The Religious Freedom in the World report looks at 196 countries, highlighting 38 countries in which there have been significant violations of religious freedom in the last two years.
The global study confirmed previous data that shows that the greatest curbs on religious freedoms in Africa, the Middle East and South Asia take place in Muslim-majority countries.
It found that out of the 11 countries experiencing worsening persecution, nine were under “extreme pressure from Islamist violence”, and seven of these experienced persecution at the hands of both militant groups and state-sponsored oppression.
It also noted substantial discrimination against Christians in communist societies such China and North Korea, in India from Hindu nationalists, and from Buddhist nations like Burma.
The report discusses a phenomenon it refers to as ‘hyper-extremism’, seen in groups like Daesh.
ACN describes this as a radical creed, combined with systematic attempts to drive out groups who do not conform to their beliefs.
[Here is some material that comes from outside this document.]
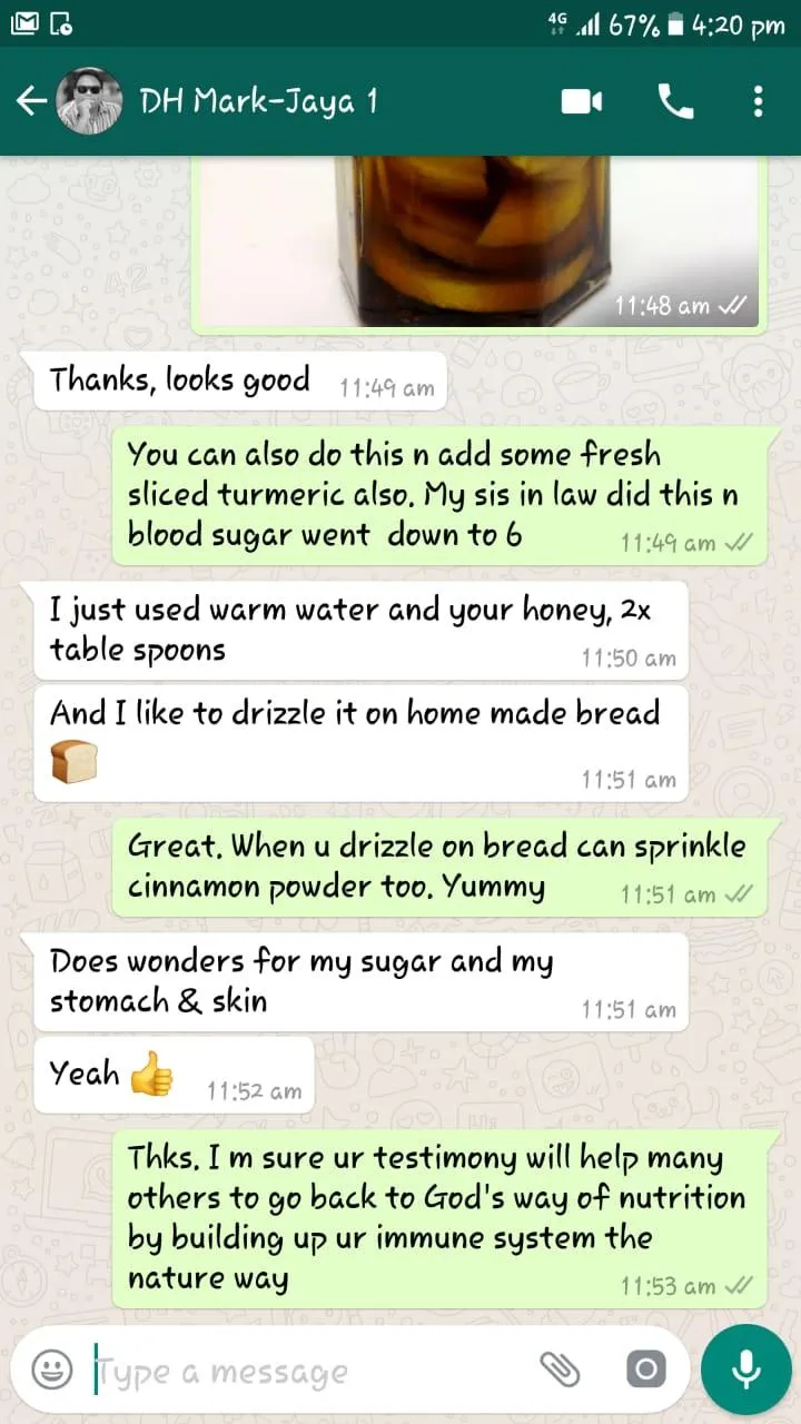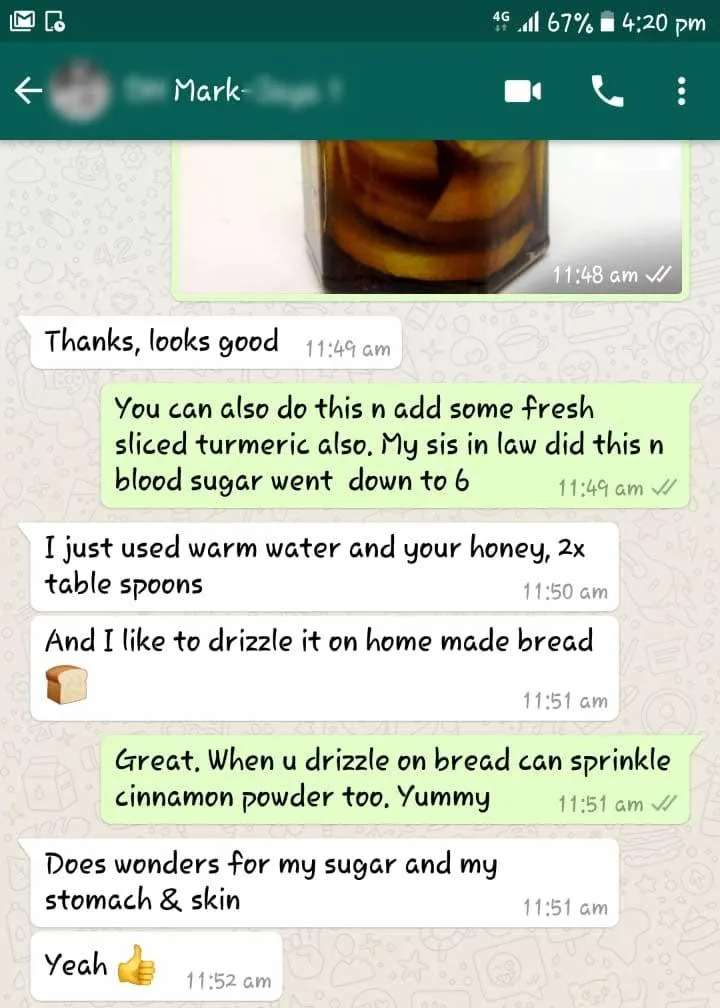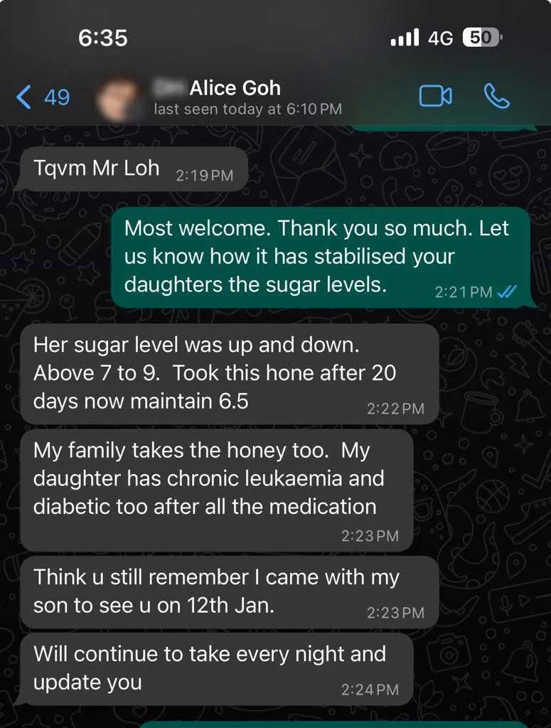 Madam Alice's daughter has been grappling with chronic leukemia alongside diabetes. Her condition had led to erratic fluctuations in her blood sugar levels, ranging between 7 to 9. After incorporating Dorsata Rock Honey into her regimen for 20 days, her blood sugar has remarkably stabilized at 6.5.

Hyper-extremism involves mass killings “glorying in the brutality inflicted on its victims, which is paraded on social media”.
The study stated: “A virulent and extremist form of Islam emerged as the number-one threat to religious freedom.
“It emerged that a massive upsurge in violence and instability linked to Islamism had played a significant role in creating an explosion in the number of refugees.”
John Pontifex, who edited the report, said: “The atrocities committed by these aggressive Islamist groups in Syria, Iraq, Libya and by their affiliates elsewhere have arguably been one of the greatest setbacks for religious freedom since the Second World War. What has properly been described as genocide, according to a UN convention which uses that term, is a phenomenon of religious extremism almost beyond compare.”
The General Bishop of the Coptic Orthodox Church in the UK, Anba Angaelos, commented on the campaign: “At a time in our contemporary history when we must be most aware of rights and liberties given by God and enshrined in various laws and international conventions, it is unfathomable that some still suffer, are marginalised and persecuted, for the faith they choose to hold, or even reject.”